Top of EXCERPTED DATA

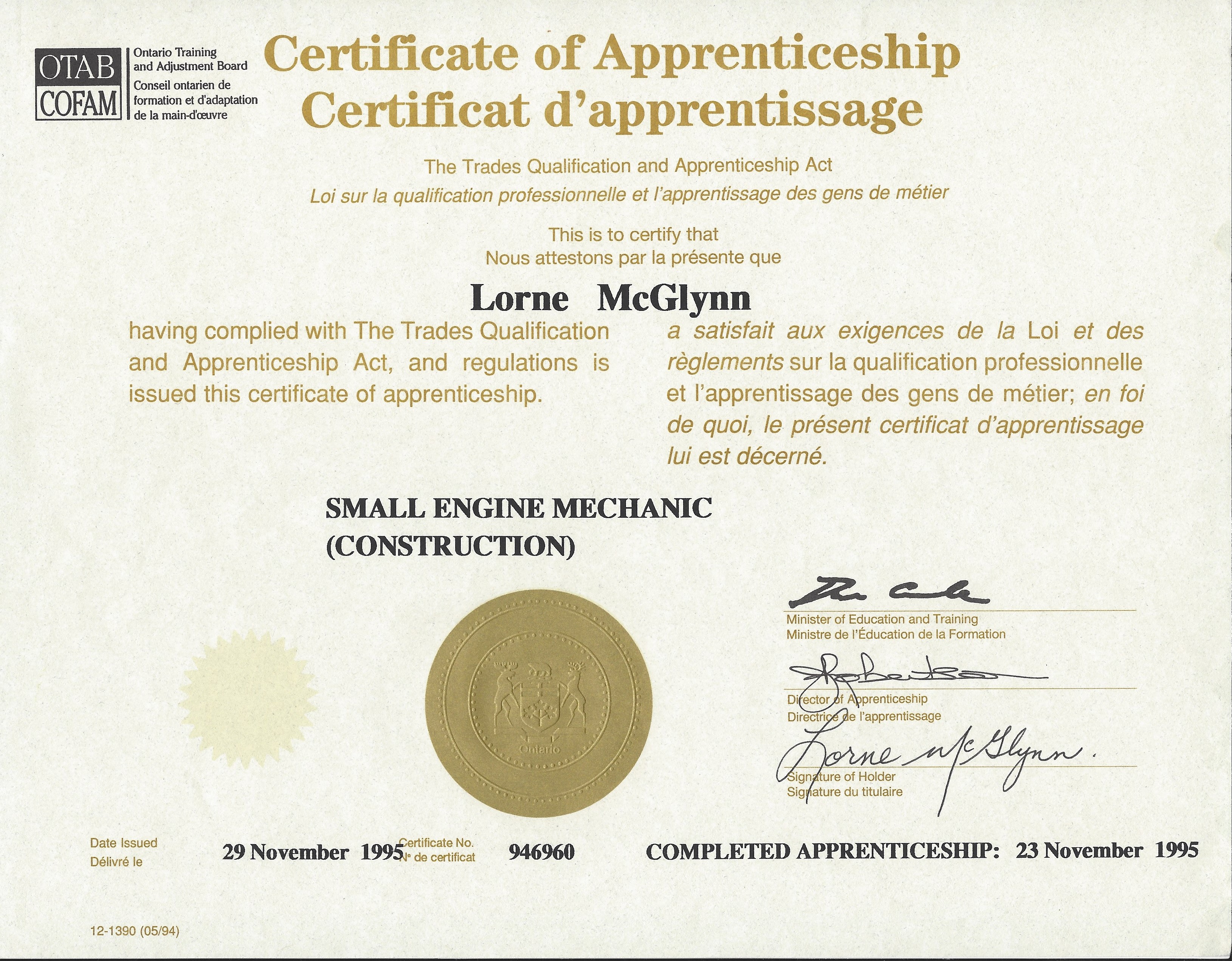 The technology used in construction, Industrial and Farm equipment is becoming more sophisticated with the increase use of electronic and computer-controlled components. As a licensed mechanic I keep up to date on training and technology to ensure the best service to the client.
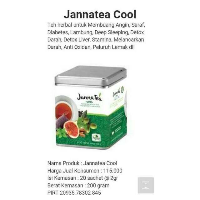 JannaTea Cool adalah minuman teh herbal sehat dengan sensasi Timur Tengahan sinergi dari herba terpilih yaitu Daun Zaitun, Daun Tin dan Biji Habbatussauda, Peppermint, Daun Bidara, Kayu manis, dan Kapulaga.
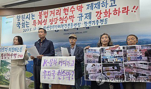 (창원=연합뉴스) 김선경 기자 = 15일 경남 창원시청 프레스센터에서 마창진환경운동연합과 창원기후행동이 기자회견을 열고 창원시에 불법 현수막 엄정 관리를 촉구하고 있다. 2025.10.15
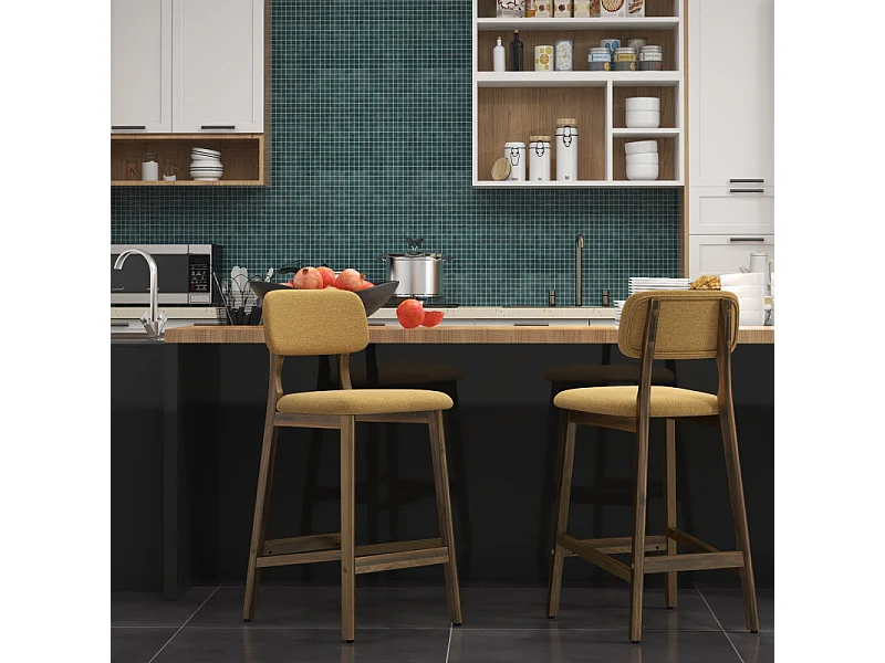 CLIFF-Tabouret de bar en bois patiné noyer et Tissu Trendy Safran (x2)
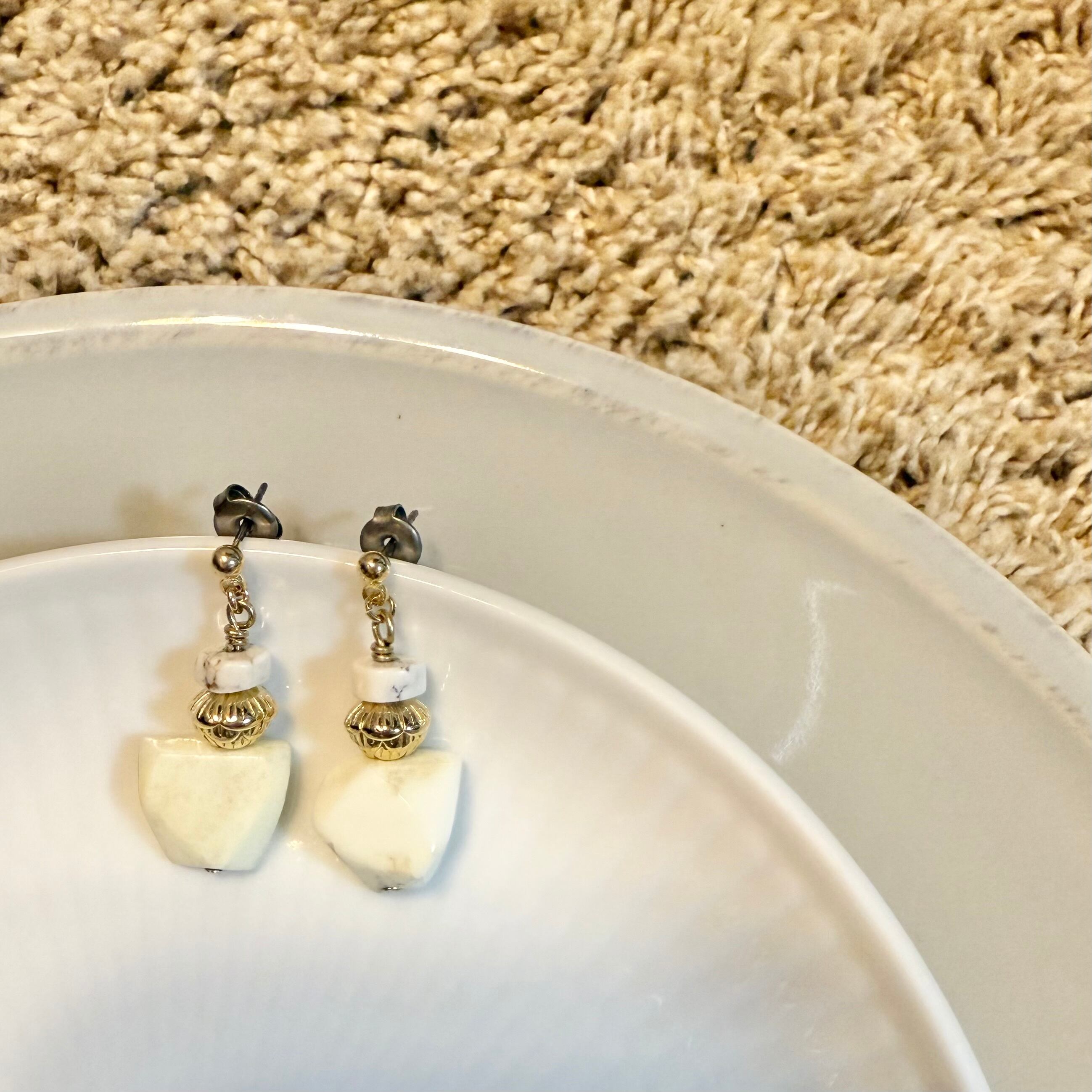 素材:レモンマグネサイト、ハウライト、メタルビーズ、チタンポストピアス
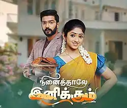 Ninaithale Inikkum (transl. It's sweet, when we think) is an Indian Tamil-language television drama airing on Zee Tamil and streams on ZEE5. The series has been produced by Monk Studios and directed by N. Priyan.[1] It premiered on 23 August 2021 and starring Swathi Sharma and Anand Selvan.[2] The series is an official remake of Zee Bangla TV series Mithai.

Bottom of EXCERPTED DATA

→ TO DO
Give again, word for word, each line from the one holding "素材:レモンマグネサイト、ハウライト、メタルビーズ、チタンポストピアス" through the end of the entries, and leave out any picture.

→ SOLUTION
 素材:レモンマグネサイト、ハウライト、メタルビーズ、チタンポストピアス
 Ninaithale Inikkum (transl. It's sweet, when we think) is an Indian Tamil-language television drama airing on Zee Tamil and streams on ZEE5. The series has been produced by Monk Studios and directed by N. Priyan.[1] It premiered on 23 August 2021 and starring Swathi Sharma and Anand Selvan.[2] The series is an official remake of Zee Bangla TV series Mithai.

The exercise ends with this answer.